Problem to work on:
Each line from the one containing "Już jutro, 30" to the last line of the listing below is to be duplicated exactly, and no picture is to be carried over.

Information supplied:

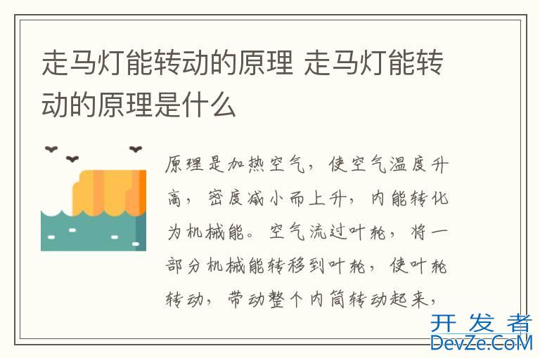 品牌型号:梦多福走马灯 系统:JF2401-486走马灯转动的开发者_开发问答原理是加热空气,使空气温度升高,密度减小而上升,内能转化为机械能。空气流过叶轮,将一部分机械能转移到叶轮,使叶轮转动,带动
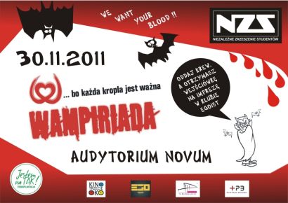 Już jutro, 30 listopada br. w w Auditorium Novum odbędzie się kolejna edycja Wampiriady. Patronat honorowy nad wydarzeniem objął JM Rektor dr hab. Inż. Antoni Bukaluki, prof. nadzw. Uniwersytetu Technologiczno-Przyrodniego w Bydgoszczy.
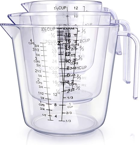 Measuring Cups Set, Liquid Measuring Cups For 3 For Kitchen - BPA Free Plastic Set with Spout Multiple Measurement Scales (Clear)
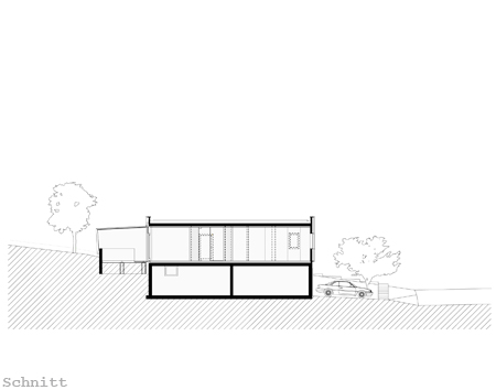 Der Bauherr war 71 Jahre alt, als er sich zum Bau dieses Hauses entschloss. Trotz der Hanglage sollte ein barrierefreies Wohnen möglich gemacht werden.
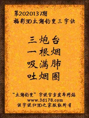 福彩第2020137期3d太湖字谜:三炮台,一根烟,吸满肺,吐烟圈

Response area:
 Już jutro, 30 listopada br. w w Auditorium Novum odbędzie się kolejna edycja Wampiriady. Patronat honorowy nad wydarzeniem objął JM Rektor dr hab. Inż. Antoni Bukaluki, prof. nadzw. Uniwersytetu Technologiczno-Przyrodniego w Bydgoszczy.
 Measuring Cups Set, Liquid Measuring Cups For 3 For Kitchen - BPA Free Plastic Set with Spout Multiple Measurement Scales (Clear)
 Der Bauherr war 71 Jahre alt, als er sich zum Bau dieses Hauses entschloss. Trotz der Hanglage sollte ein barrierefreies Wohnen möglich gemacht werden.
 福彩第2020137期3d太湖字谜:三炮台,一根烟,吸满肺,吐烟圈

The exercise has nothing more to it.